Visulazing the selected featuers of the dataset for train nd test.

In [None]:
X_train.head()

Unnamed: 0,Species_encoded,molecular_weight
2401,4,255493.02
3366,7,46536.31
2615,0,47660.57
999,5,32926.87
2382,4,53326.54


Visulazing the target values for train and test.

In [None]:
y_train.head()

2401   52.40
3366   68.70
2615   52.90
999    65.54
2382   52.82
Name: Tm, dtype: float64

Implementing the Regression Model and training and testing it.

In [None]:
# Initialize the logger
LOGGER = logging.getLogger(__name__)

# Custom LazyRegressor with specific models
class CustomLazyRegressor(LazyRegressor):
    def __init__(self, verbose=0, ignore_warnings=True, custom_metric=None):
        super().__init__(verbose=verbose, ignore_warnings=ignore_warnings, custom_metric=custom_metric)
        self.regressors = {
            'Linear Regression': LinearRegression(),
            'Random Forest': RandomForestRegressor(),
            'SVR': SVR()
        }
        self.predictions = {}
        self.mse_scores = {}  # To store the Mean Squared Errors scores

    # Overriding the fit method to iterate over key-value pairs
    def fit(self, X_train, X_test, y_train, y_test): # Align this line with the __init__ method
        for name, model in tqdm(self.regressors.items()):
            start = time.time()
            try:
                model.fit(X_train, y_train)
                self.predictions[name] = model.predict(X_test)
                self.mse_scores[name] = mean_squared_error(y_test, self.predictions[name])
            except Exception as e:
                LOGGER.exception('Fit failed: %s', e)
                self.predictions[name] = None
                self.mse_scores[name] = None
        return self.regressors, self.predictions, self.mse_scores

Printint the results of the model for Linear regression, Random Forest and SVR.

In [None]:
# Initialize and fit the custom lazy regressor
reg = CustomLazyRegressor(verbose=0, ignore_warnings=True, custom_metric=None)
models, predictions, mse_scores = reg.fit(X_train, X_test, y_train, y_test)

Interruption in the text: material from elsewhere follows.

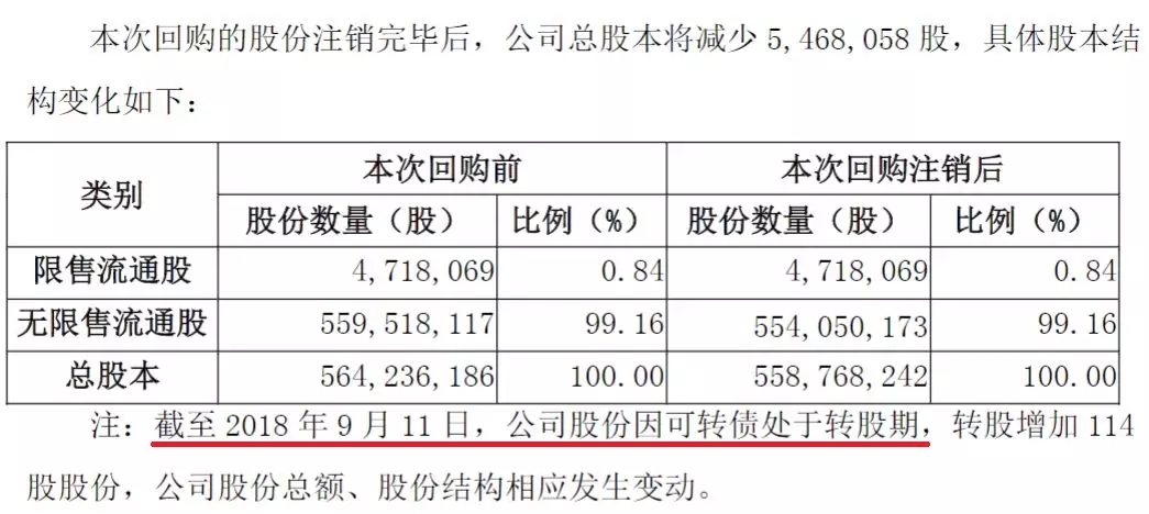 上图中期初期末股本数相减比回购股份数多那么一点点,是因为该公司可转债进入转股期所致。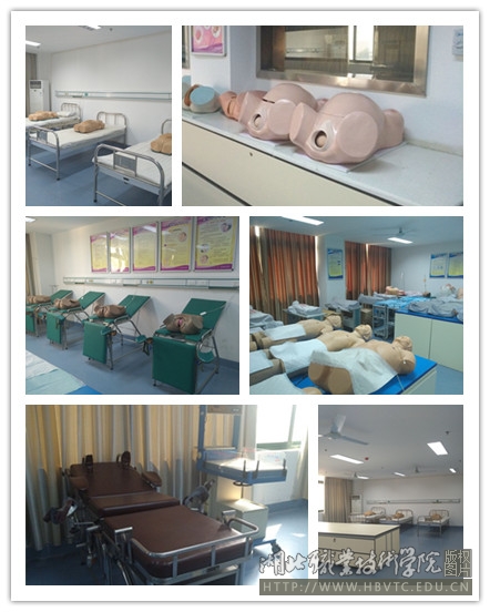 妇产科技能实训室主要包括:妇产科基本技能实训室、模拟产房,主要仪器设备有妇科检查模拟人、产科模拟人、高级四步触诊模型、会阴切开缝合模型、分娩机制模型、产床、非接触式洗手设备和常用手术器械等,能够满足妇产科基本技能操作和平产接生实训教学需要。

# Print the model performance
for model_name in mse_scores:
    print(f"Model: {model_name}, MSE: {mse_scores[model_name]}")

100%|██████████| 3/3 [00:01<00:00,  2.49it/s]

Model: Linear Regression, MSE: 86.85893551746672
Model: Random Forest, MSE: 30.672025099177393
Model: SVR, MSE: 125.43301363478567





The result here shows that this model have maximum effecacy for the SVR Technique.